Seeing is deceiving. It's eating that's believing.- James Thurber
I read an article today in Restaurants and Institutions magazine that baffled me. According to research conducted by the magazine, atmosphere is one of the lowest ranking factors in how consumers evaluate their dining experience in a restaurant. I am a person driven by sights, colors, and my surroundings…and the emotions that are evoked from sensory cues affect me intensely, so I’m surprised to learn this isn’t the case on a universal level.
Upon entering a new restaurant for the first time, what is the initial action that occurs? For me, it’s the visual sweep from side to side, top to bottom…the process of soaking up the feel, the ambience, the environment. Sure, it’s also taking in the scents and aromas – but I’m far more inclined to be affected by a bustling (or bumbling) service staff, paint colors, music, even temperature – before I even allow myself to move forward into the culinary aspects of a place.

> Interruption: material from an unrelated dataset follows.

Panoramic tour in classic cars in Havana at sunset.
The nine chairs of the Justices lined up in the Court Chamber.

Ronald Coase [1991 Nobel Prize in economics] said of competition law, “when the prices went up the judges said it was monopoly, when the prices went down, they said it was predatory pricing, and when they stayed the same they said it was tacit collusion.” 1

It’s possible that all consumers are this way as well, and simply don’t realize it – maybe our reactions to atmosphere are so instantaneous that they remain in our subconscious unless we actively draw upon them to help us rate our experience.

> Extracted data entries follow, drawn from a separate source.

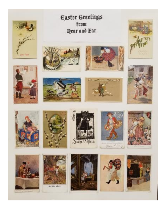
2<sup>nd</sup> Place - Gisela Withers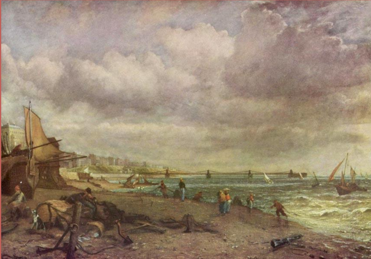
« Marine Parade and Old Chain Pier, Brighton »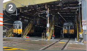
Flemington Maintenance Centre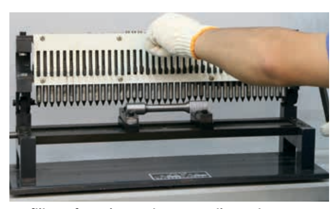
Profiling of test bars prior to tensile testing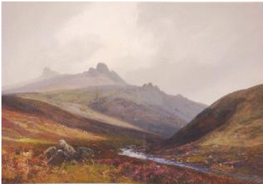
Lot # 420

419 Pair of German porcelain figurines of a courting couple. $150 - $200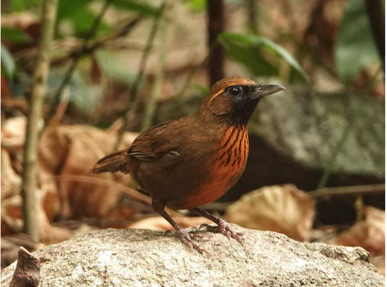
Vietnamese Cutia & Black-headed (or White-spectacled) Sibia, and Orange-breasted Laughingthrush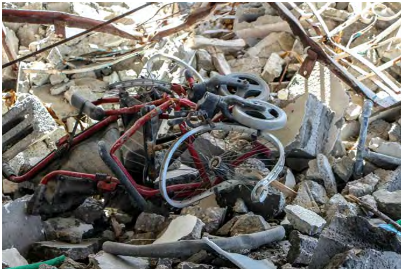
A wheelchair in the ruins of the Mebarret Al Rahma Centre

The Mebarret Al Rahma Centre for People with Disabilities was established in 1994 to provide essential services to Palestinians living with disabilities in Gaza. At the start of the Israeli military operation there were nineteen people living at the centre. However, at the time of the attack on the 12 th July 2014, fourteen of the residents had gone away for the weekend.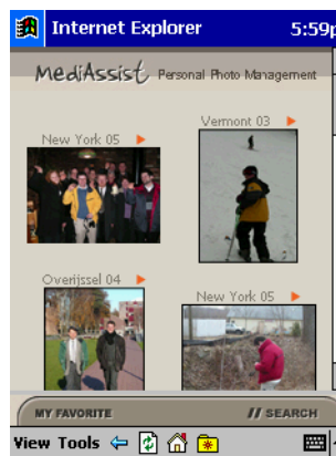
Figure 2. ‘My favorite photos’ with search frame

The mobile interface we present here is twinned with a desktop interface we present in that both provide a web-based interface to the same underlying system but interfaces tailored to the individual requirements for each device. The functionality of the desktop interface (not described here) differs greatly from the mobile interface, though also heavily relies on location.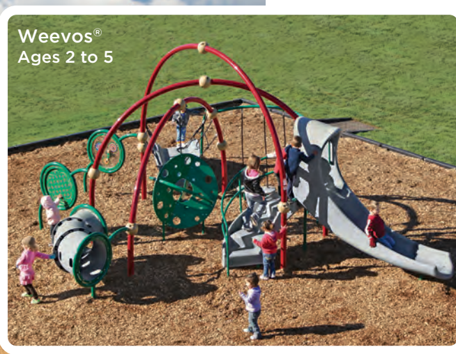
Weevos® Ages 2 to 5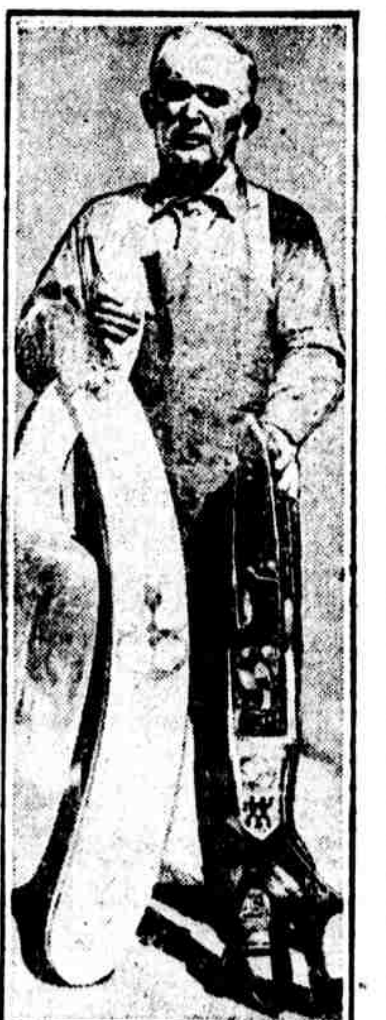
GOLIATH MIGHT HAVE used shears and razor made by California cutler.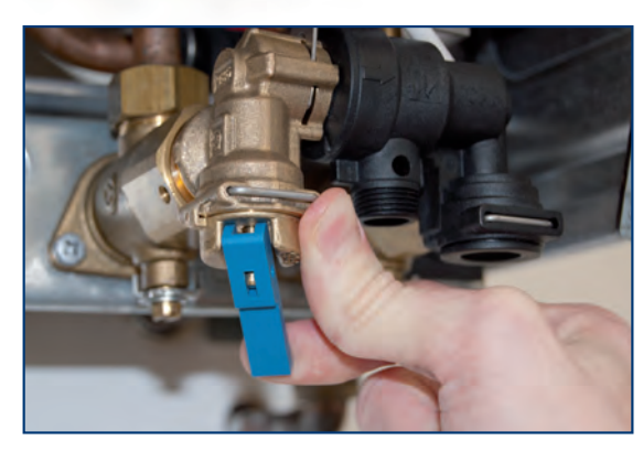
Whenever the system needs to be re-pressurised, the blue lever is simply pulled down until the correct pressure is achieved.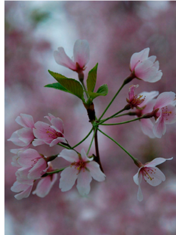
Cherry Blossom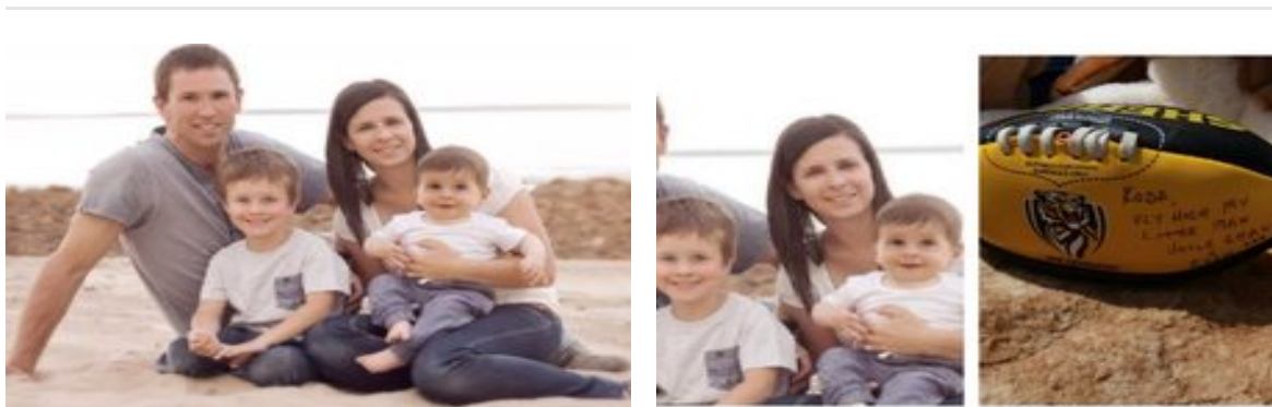
Father who drove his two young sons into ocean...

Many victims may ask why I would want to put myself through that. It is a question I have often asked myself. What have I personally got out of telling my story? For years I took the road of silence thinking that was the easier road to take. Silence, secrecy and shame are the child's worst enemies and the paedophile's best friends.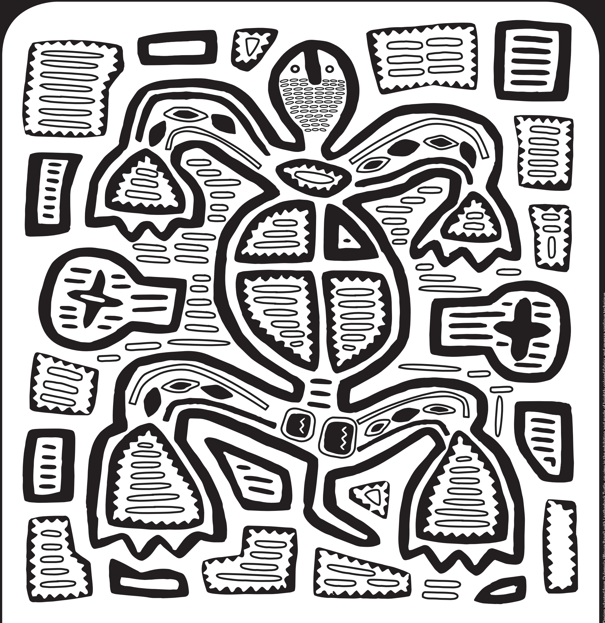
Design adapted from Dulemola (Blouse Panel) with Leatherback Turtle, on view in the exhibition and made of brightly colored fabrics and reverse applique technique.

Visit Atlanta's Michael C. Carlos Museum, where the stories of civilization come alive!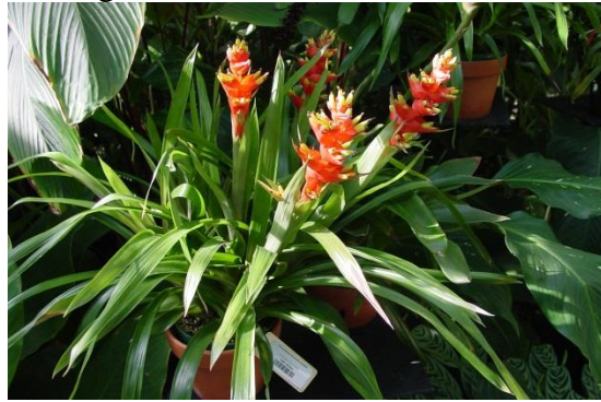
Guzmania donnel-smithii at Selby Gardens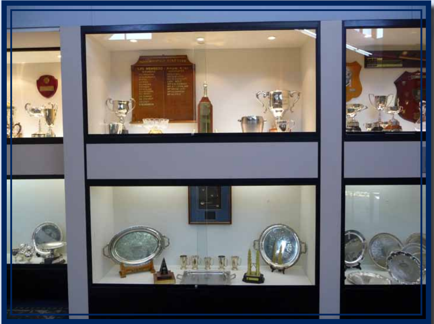
Indooroopilly Golf Club trophy cabinet

The trophy cabinet houses a wonderful array of silverware.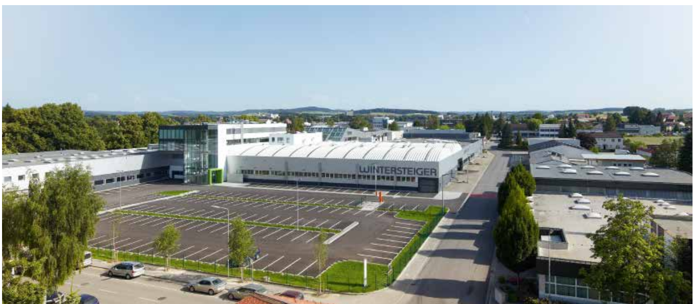
Company head offices at Ried im Innkreis, Upper Austria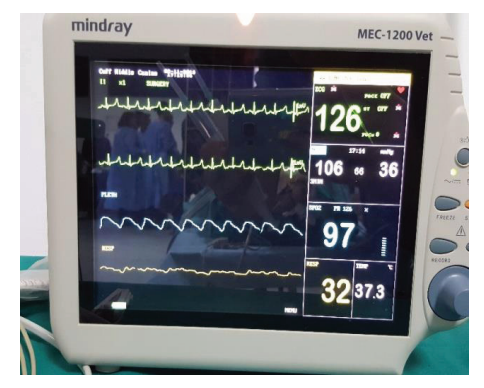
Figure 2. Vital signs monitor Mindray MEC-1200 VET<sup>®</sup>

Heart rate, respiratory rate, oscillometric blood pressure, rectal temperature and saturation of oxygen were monitored throughout the anaesthesia and recorded every 5 minutes using a vital signs monitor (Mindray MEC-1200 VET<sup>®</sup>). (Fig.2)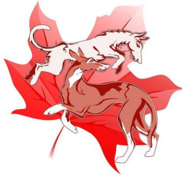
IBIZAN HOUND CLUB OF CANADA

For HOTEL/MOTEL ACCOMMODATION please refer to the following web sites: www.OfficialPetHotels.com http://www.travelpets.com www.doginmysuitcase.com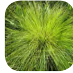
Carex vulpinoidea - Fox Sedge. July-August. Clumping. Erosion control.

z: 3 h: 1'-3' s: .5'-2' ☀️ ☀️ ☀️ ☀️ 🌱 🦌 💧

Have you ever walked into a restaurant and immediately considered turning around and leaving? Have you had a moment where you look around and think you’ve made a mistake in your choice of where to eat? More importantly, did you stay or did you go? I will never leave a new restaurant based on a first impression, but I will certainly judge it – and until the food arrives to either confirm my initial thoughts or refute them, I soak up my surroundings and put them in a neat little pile for me to come back to after I’ve eaten. Only then can I reevaluate and fully come to my conclusion about what the place holds.